Em “Paprika”, Satoshi Kon mostrou o horror e a maravilha do sonho e sua representação cinematográfica. Este é um dos melhores filmes que a MONSTRA já exibiu.

Em 2010, Satoshi Kon morreu devido ao cancro do pâncreas. Ele tinha 46 anos. Seu diagnóstico ocorreu meros meses antes do fim, vindo a meio da produção de um filme que nunca foi completo, “Dreaming Machine”. Tanto para o anime como para a Arte do cinema de modo geral, sua morte representou uma perda incomensuravelmente trágica. No panorama atual, poucos são os realizadores que estão tão prontos a trazer experimentalismo formal ao mainstream e ainda menos aqueles que nunca mostraram qualquer vacilação qualitativa no seu trabalho. Com quatro longas-metragens e uma minissérie a seu nome, Kon tem a honra de nunca ter realizado um projeto menos que genial. De facto, em listas dos melhores filmes anime de sempre, é comum encontrar mais que um dos seus trabalhos.

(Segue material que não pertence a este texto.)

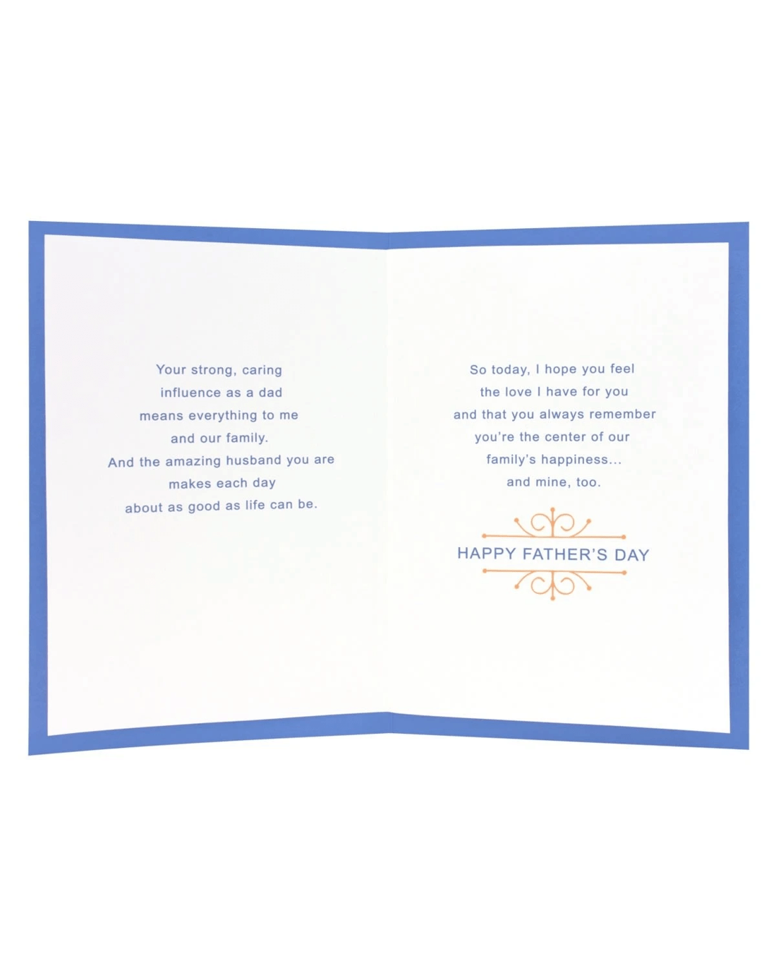 • The inside of the card features a leaflet-style design with illustrated flourishes alongside the message 'Your strong, caring influence as a dad means everything to me and our family. And the amazing husband you are makes each day about as good as life can be. So today, I hope you feel the love I have for you and that you always remember you’re the center of our family’s happiness… and mine, too. HAPPY FATHER’S DAY'

Tal tragédia veio retrospetivamente alterar o modo como cinéfilos, críticos, académicos e fãs encaram “Paprika”. O filme estreou em 2006, quatro anos antes de Kon morrer, mas, como “Dreaming Machine” nunca chegou a ver a luz do dia, ficou com a importância de ser a última longa-metragem de um mestre artístico sem par. Em muitos casos, seria injusto carregar um projeto que nunca foi planeado como uma última obra com todo o peso concetual associado ao filme testamento. No entanto, no caso particular de “Paprika”, é fácil ver como este podia ser um ponto final apropriado na carreira de Satoshi Kon. Se “Perfect Blue”, sua primeira longa-metragem, representou a sintetização perfeita dos temas e técnicas do cineasta, “Paprika” mostra-nos essas mesmas preocupações temáticas e engenhos formais levados a um extremo bizantino, tão radical que é quase impossível de descrever.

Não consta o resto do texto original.